Patent trolls, companies who exist only to capitalize on patents and sue various technology companies for infringement hoping for quick payoffs or judgements, cost the tech industry and its customers billions of dollars a year. These trolls have no other business plan than to buy or acquire rights to patents that they can then use to launch lawsuits against other companies.
Twitter has made a pledge to not use any patents derived from its employees’ inventions to launch offensive lawsuits against others without the inventor’s express permission. In other words, if you own a patent that you’ve licensed to Twitter as their employee, you can say “no” to any lawsuit they may wish to undertake to enforce that patent.
This is good news, but Twitter is just one small fish in a huge ocean of patent holders in technology. It’s a good example and it wins over the hearts of most engineers, but it’s still not much in the larger scheme of things.
Another option is the newly-minted Defensive Patent License project. This has been in the works for years, but didn’t launch publicly until just a few days ago. DPL’s goal is to create a network of technology innovators who own patents to various tech, but who are willing to allow others to use that to further create new technology without requiring hefty fees or threats of lawsuit.

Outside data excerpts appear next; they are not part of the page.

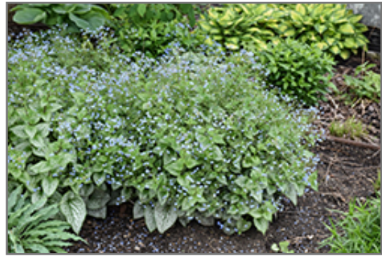
Queen of Hearts Bugloss in bloom

Queen of Hearts Bugloss is recommended for the following landscape applications;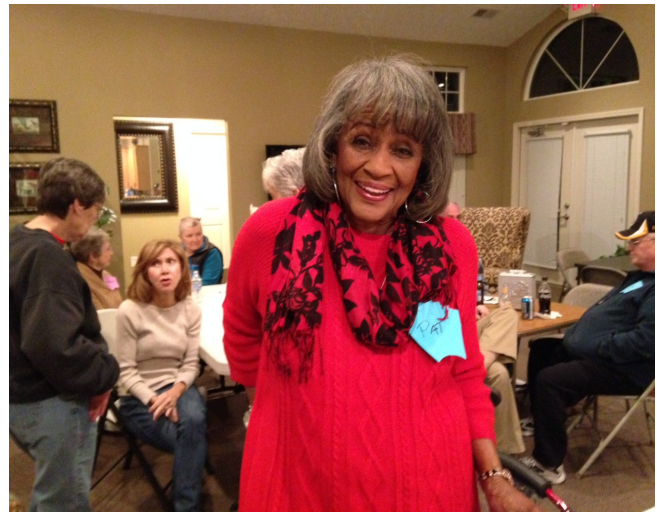
Enjoying the Holiday Party...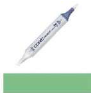
Copic Sketch Marker YG67 MOSS Dark...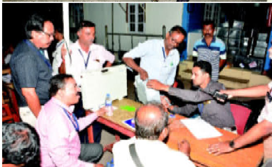
Polled EVMs being collected at the Collection Centre at JNRM Strong Room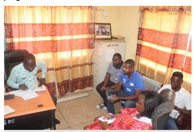
TAT and NAO representatives meeting with NHIA Gomoa District officer.

The Ministry of Finance is in partnership with the European Union (EU) to rollout the CSO-RISE programme. The TAT was contracted by MoF to support the implementation of the CSO-RISE programme.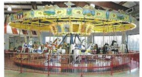
C.W. Parker 1913 Carousel Ride

This morning, we travel to Leavenworth, Kansas, to visit the C.W. Parker Carousel Museum, a treasure trove dedicated to preserving the charm of antique carousels. Tour the restoration rooms and discover the intricate process behind bringing these beautiful works of art back to life. Then, enjoy a ride on a fully restored 1913 wooden carousel -- complete with easy-to-access bench seats for those who may find it difficult to climb onto a traditional horse.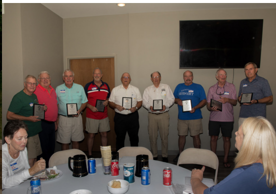
New honorees for 50 years of service to the fraternity

The Alpha Iota Educational Foundation (AIEF) is the 501(c)3 charitable organization that supports the undergraduate chapter. Donations to the AIEF are tax-deductible and support several programs including scholastic-based financial grants, scholarships, and much more.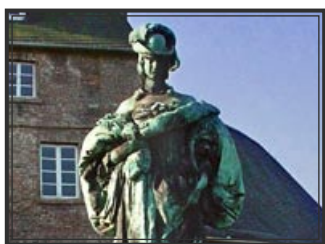
Statue of Luise Henriette

In front of the castle, Moers-City Center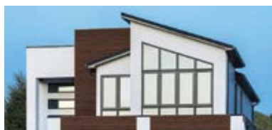
CEDAR RENDITIONS™ ALUMINUM SIDING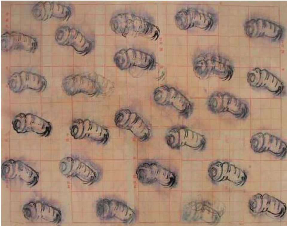
Untitled Checkerboard, 2004 acrylic on rice paper 17x 21 3/8 in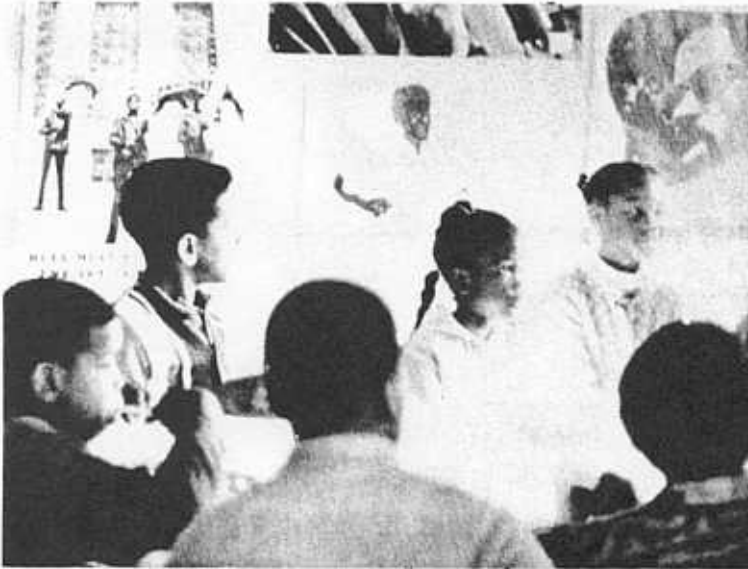
After a hot breakfast they will learn if anything is taught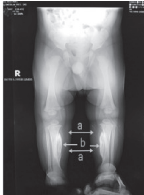
Fig. 1(e): X-ray both lower limbs

Radiographs of long bones (Humerus and Tibiae) showing (a) overlying soft tissue swelling and (b) cortical thickening in the diaphyses sparing metaphases and epiphyses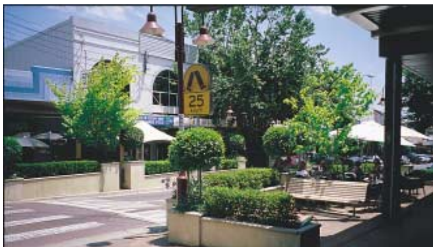
Figure 3 Environmental adaptation, Crows Nest.

The information contained in the various Parts is intended to be used as a guide to good practice. It is generally consistent with the Guide to Traffic Engineering Practice (Austroads, 1988), RTA Technical Directions and RTA Guidelines for Local Area Traffic Management Facilities.

DPL has an extensive legal document and agreement form that those who join must peruse and sign, but in the end, it works fairly simply.
Co-founder Jason Schultz, a Berkeley Law professor, says that “..the idea is if you want to be part of this network of defensive patent people, you are committing that all of your patents, every single thing you’ve done, will be available royalty-free to anyone who wants to take a license, if they commit to only practice defensive patent licensing. As long as they don’t offensively sue anyone else in that network, everything’s cool.”
In other words, you join the DPL “club” and everyone in the club has access to your patents and you, in turn, have access to theirs. So long as you don’t violate the simple rules of the club, you will not be sued by anyone else in the club for using their patents but you cannot sue for using yours either. The provisions to not sue others do not affect non-members, so if you are a DPL member and someone not a part of the DPL infringes on your patents, you are still free to sue.
This has several advantages. First, if you’re small potatoes with some good patents, you can now pool your intellectual rights with others who may have better (more commercial) uses for it. At the same time, if someone outside of the group uses your patent without permission, you can ask your DPL friends to help enforce that patent, since collectively, all would benefit.
Obviously, companies who exist only to own patents and use them in litigation are not likely to join something like the DPL. On the other hand, they would have far fiercer competition should they attempt to sue or infringe on someone in DPL who has a collection of powerful friends willing to help back them.
So far, DPL is just an idea that has finally gone public. Prominent lawyers have already given cirtique of the plan and suggest some changes to help it benefit the patent holders more and discourage those with weak portfolios or who are just interested in copycatting others’ patents from joining. Schultz says the criticisms are legitimate, but the idea is sound and, while it will require some tweaking, is ready to go.